Mastering city planning won’t be enough here though, and you’ll quickly find that exploring the Frostlands is a necessity. New outposts and trail mechanics allow you to effectively support yourself with vast resource caches you’ll find out in the ice, but at an ever-growing cost of expensive exploration teams. Different danger levels for varied terrain will tax your decision-making further. Do you put all your resources into a high-risk, high-reward gambit? Or should you focus on exploring and developing smaller resource caches first? It’s unclear whether this iteration of exploration will include events like the Frostpunk Tesla City chain from the original, but we’re keeping our fingers crossed.
One sure way to improve your chances of survival is to keep The City advancing. Research and law-making are two areas benefiting from a major glow-up in Frostpunk 2. Every research option has a number of available avenues which offer different benefits and drawbacks. Similarly, every law has more than one policy, and you can only pass things one at a time. What makes both features so much more interesting this time around is how well city politics have been integrated.
Where decision making is concerned, you’ll always need to contend with the deep factionalism that’s enraptured The City’s population. Frostpunk 1 made some great efforts exploring this, but we’d argue that even this early on it’s clear that the sequel has mastered it. Different factions grow and shrink in popularity, each with diverging – or sometimes converging – goals and interests.

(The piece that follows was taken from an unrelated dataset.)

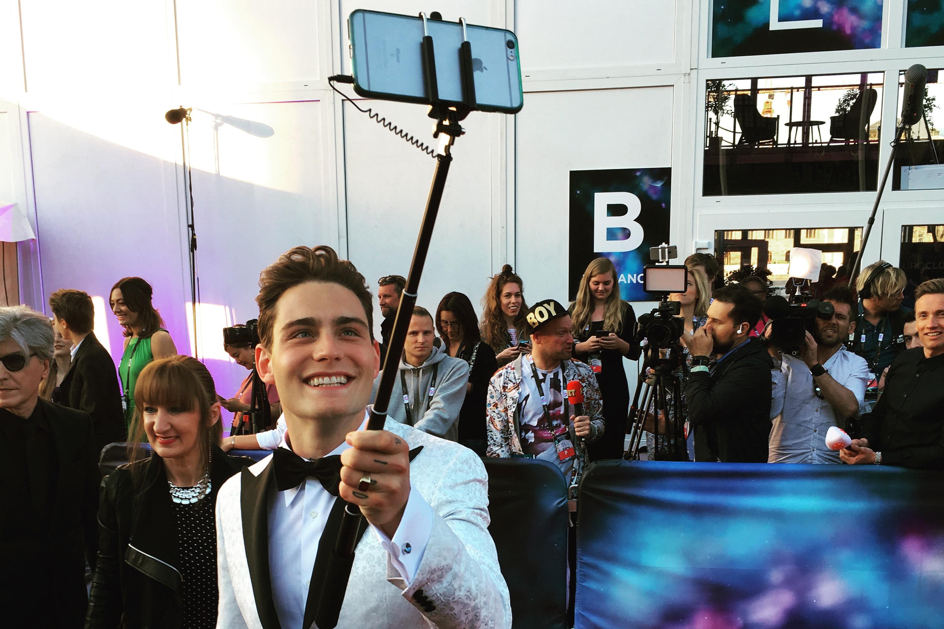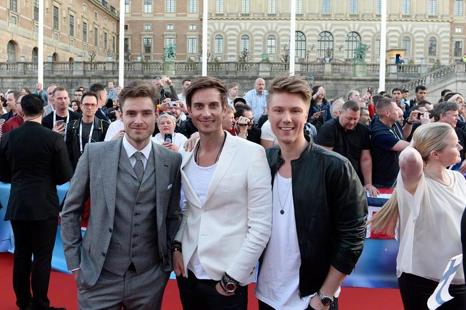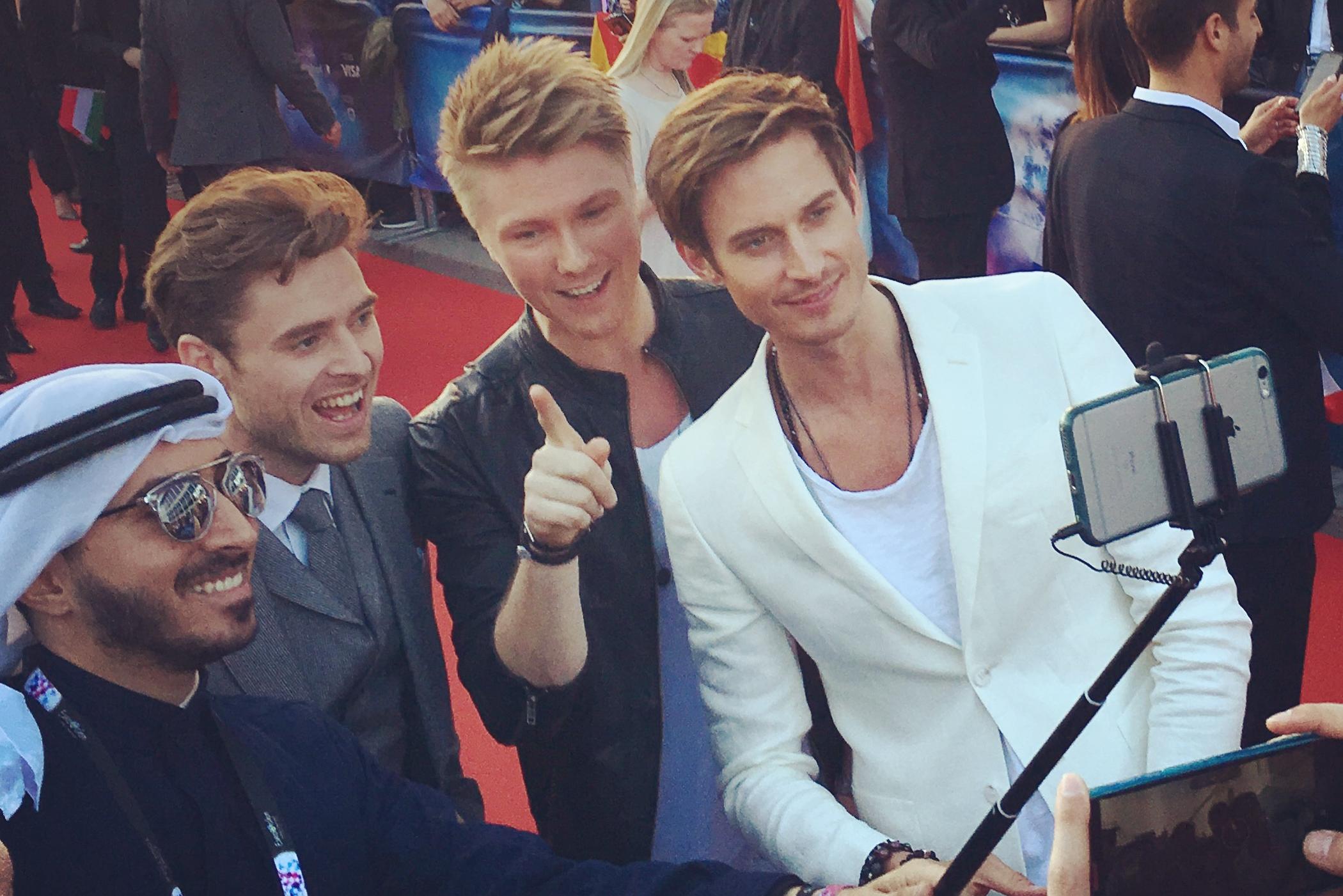 De danske drenge fra Lighthouse X på den røde løber. Martin Skriver var, ligesom de to andre bandmedlemmer, i strålende humør: "Vi har nok taget fire hundrede millioner selfies" (Foto: © Pontus Lundahl/TT, Scanpix)

Every research option will please some and antagonise others. Each law will benefit one ideology but run against the grain of another. And with a council of delegates now responsible for voting on changes to your society, holding their support is vital. You can always negotiate for votes in the chamber, but concessions can have long-term impacts that aren’t always easy to foresee. And for every group you win the support of, others will grow more sceptical of your leadership, potentially even riling up protests that can shut down whole districts.

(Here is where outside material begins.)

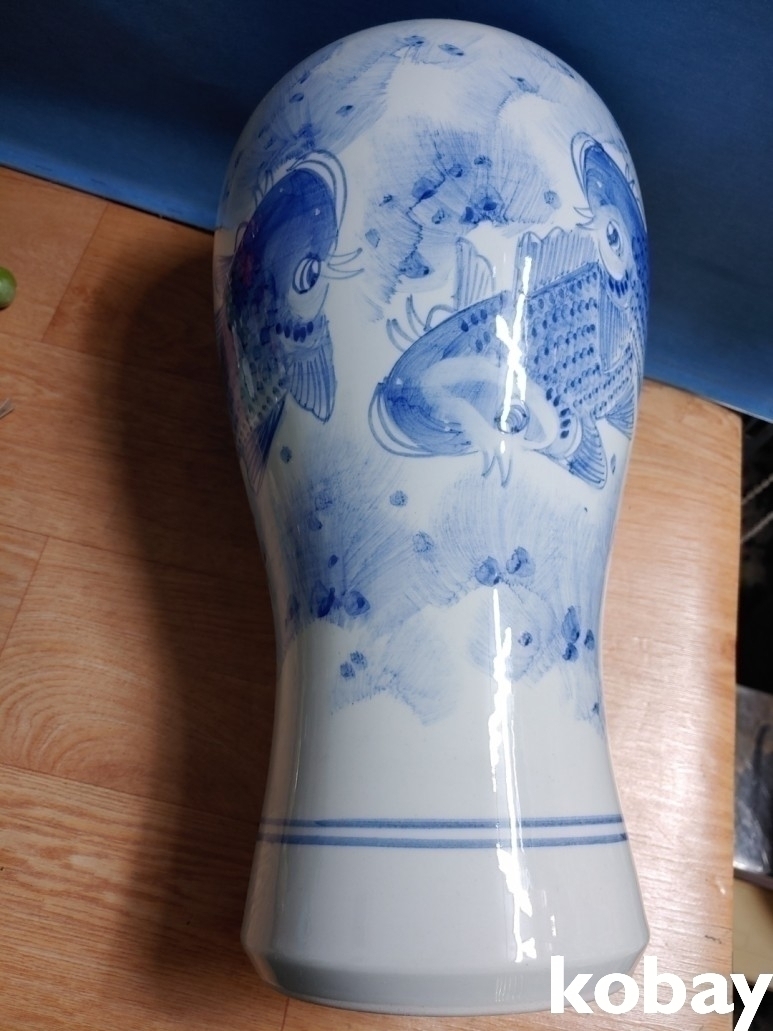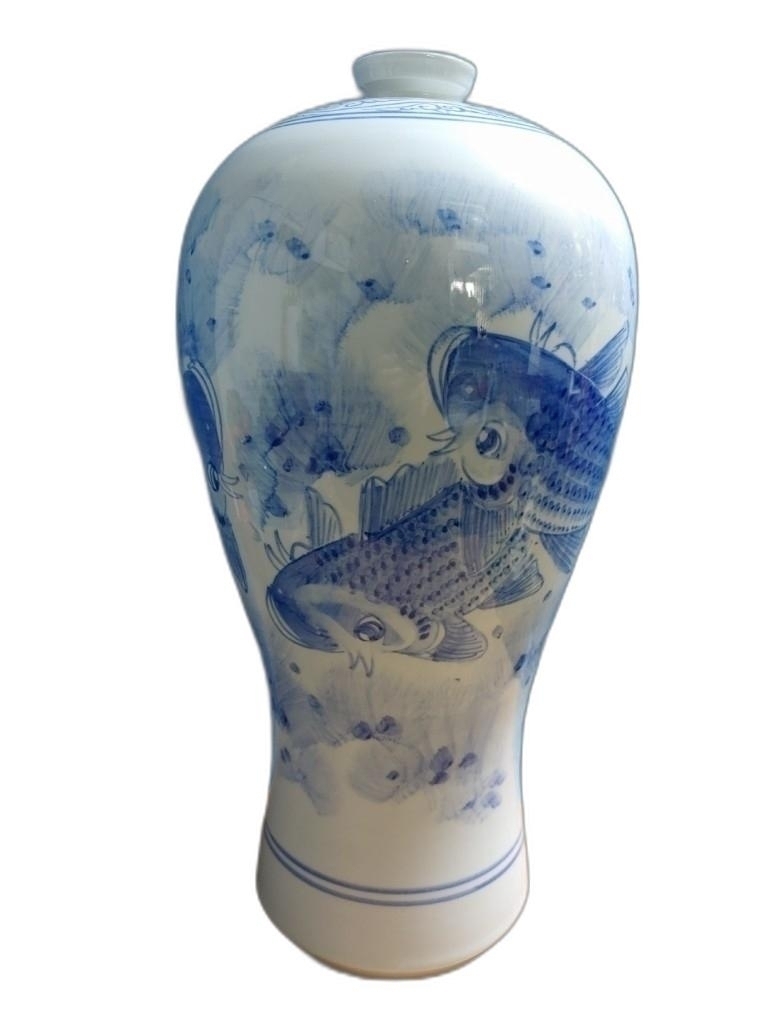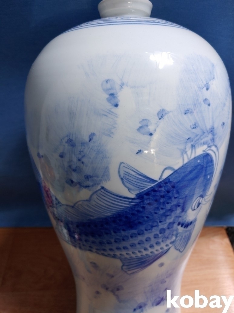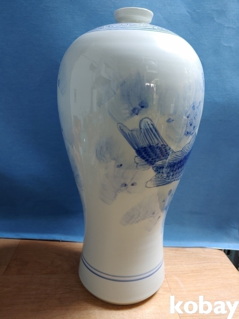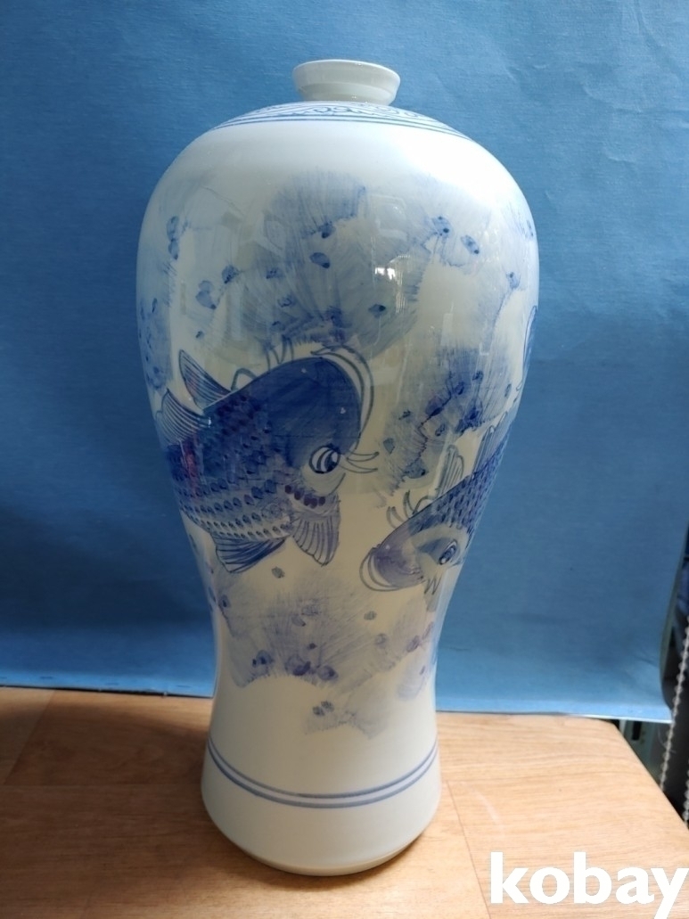 3마리의 잉어가 있는 매병 도자기 입니다.

This time around, The City only has one metric for measuring your performance – trust. While you won’t have to lower Discontent and raise Hope in an endless loop, the new bar fills more or less the same purpose. Lose too much and your stewardship will end, but try too hard to gain it and you may overlook the needs of The City. Will you walk the tightrope and do your best to please everyone for as long as possible? Or will you empower one faction to crush the others? This dedicated approach to politics really elevates the gameplay in a way few titles in the city-builder genre can manage. It was already a boon in Frostpunk 1, and it’s rewarding to see how 11 Bit Studios have built upon it.

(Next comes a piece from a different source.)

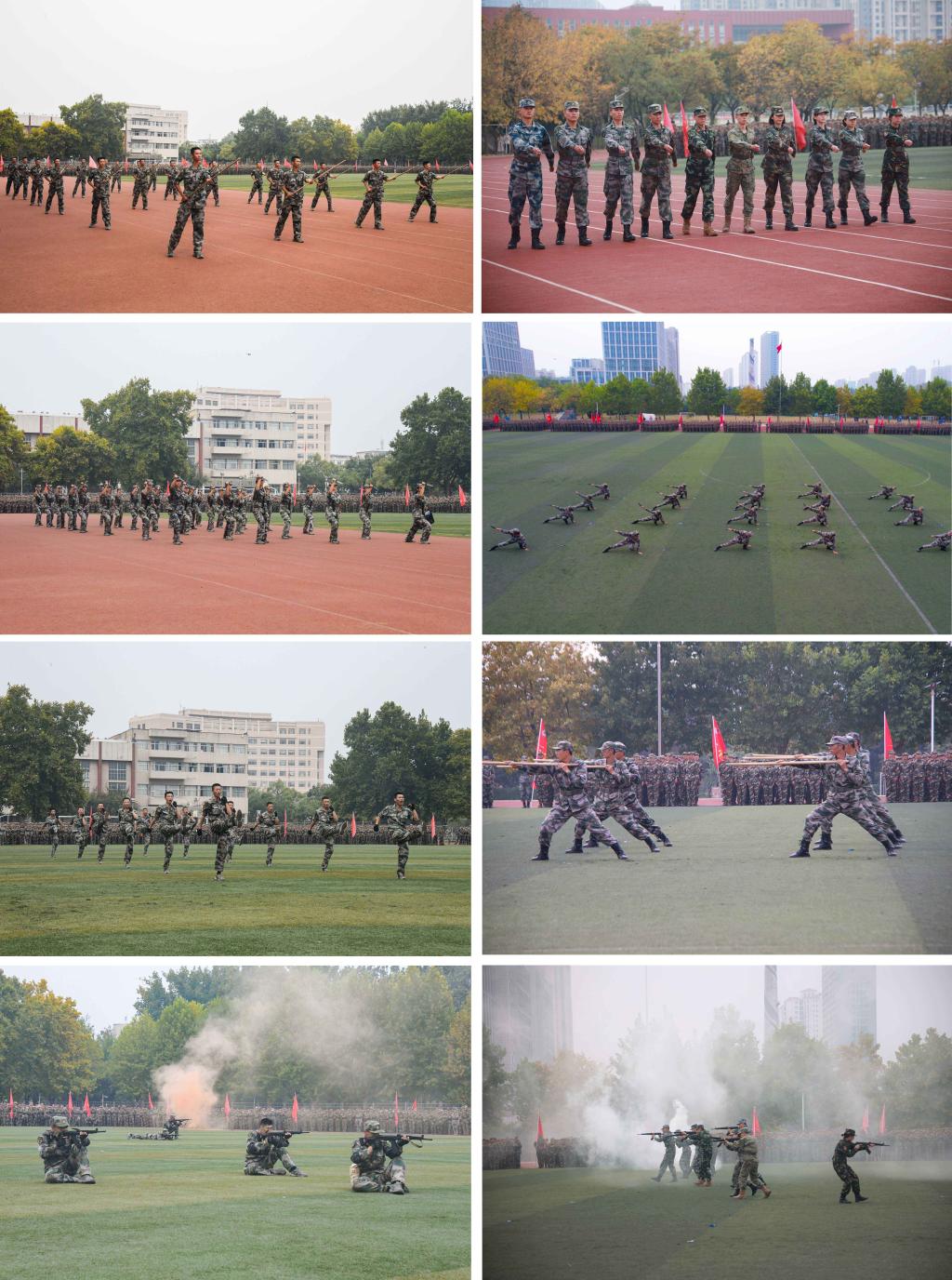 教官们慷慨激昂、振奋人心的军事演出将全场气氛点燃:军训一团男教官的应急棍术表演孔武有力、激情飞扬,展现出当代男儿的铮铮铁骨与热血担当;军训一团女教官们的捕俘刀拳法干脆利落,直击要害,展现出巾帼不让须眉的时代风范。倒地擒拿之术习得非一日之成,唯有历经肉苦皮伤方能走向成功。战场救护演习结合战术示范,应急救护更模拟真实战场环境,硝烟弥漫,枪林弹雨间,教官们既要救助伤员,又要团结攻坚。教官们身先士卒、率先为范给同学们莫大的鼓励。在接下来的汇报表演上,曲园学子们迸发出虎踞龙腾般生生不息的青春活力:一排排步伐铿锵有力,如驰原骏马,倍添生命之荣光;一声声呐喊响彻云霄,如猛虎哮谷,勃发豪迈之英姿。

Being an incomplete build, it’s challenging to say what few downsides the game might face. Certainly there’s a lost nostalgia for the more intimate city-building mechanics of Frostpunk 1, which gave a greater degree of player freedom in the minute details of construction and urban planning.
With a game this complex, it’s also difficult to say if the final product will hit that fine balance between challenge and reward that made its predecessor so hard to put down. Aside from that, we’re having a hard time finding anything of note to worry about.
We’ve still got a little while to wait until the full Frostpunk 2 release date, but what the game brings to the table so far is the promise of a second instalment in Frostland well worth the wait. With great story potential, a perfectly realised tone, and an expansion to the mechanics and gameplay of its predecessor, this looks likely to be everything we could want out of another icy city-building survival game.